◆ **ACTIVITY**
Pictures are to be left out. Return exactly the lines below from the one with "The Kia Soul" up to and including the one with "资金动向:31日北向资金净卖出约90亿元 10月累计净卖出573亿元".

◆ **MATERIAL FOR THIS TASK**
Content starts
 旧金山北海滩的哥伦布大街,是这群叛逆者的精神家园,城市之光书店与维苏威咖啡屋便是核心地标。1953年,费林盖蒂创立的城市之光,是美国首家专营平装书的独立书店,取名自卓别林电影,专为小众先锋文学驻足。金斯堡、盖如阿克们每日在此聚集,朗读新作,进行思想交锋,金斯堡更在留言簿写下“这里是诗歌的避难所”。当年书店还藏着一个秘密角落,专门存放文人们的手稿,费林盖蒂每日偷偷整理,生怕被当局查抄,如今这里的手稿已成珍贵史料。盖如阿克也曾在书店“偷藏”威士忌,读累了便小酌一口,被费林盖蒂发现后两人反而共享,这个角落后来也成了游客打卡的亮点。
Content ends
Content starts
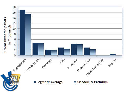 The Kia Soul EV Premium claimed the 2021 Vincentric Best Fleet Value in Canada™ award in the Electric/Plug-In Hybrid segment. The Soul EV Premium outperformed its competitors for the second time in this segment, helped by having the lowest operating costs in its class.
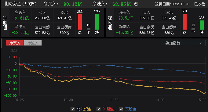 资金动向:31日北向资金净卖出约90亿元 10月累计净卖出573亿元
Content ends
Content starts
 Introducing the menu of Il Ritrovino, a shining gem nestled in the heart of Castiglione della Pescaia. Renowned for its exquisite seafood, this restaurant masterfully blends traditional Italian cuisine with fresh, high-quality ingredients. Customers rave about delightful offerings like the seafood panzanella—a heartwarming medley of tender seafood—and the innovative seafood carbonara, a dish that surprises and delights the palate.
Content ends
◆ **TASK RESPONSE**
 The Kia Soul EV Premium claimed the 2021 Vincentric Best Fleet Value in Canada™ award in the Electric/Plug-In Hybrid segment. The Soul EV Premium outperformed its competitors for the second time in this segment, helped by having the lowest operating costs in its class.
 资金动向:31日北向资金净卖出约90亿元 10月累计净卖出573亿元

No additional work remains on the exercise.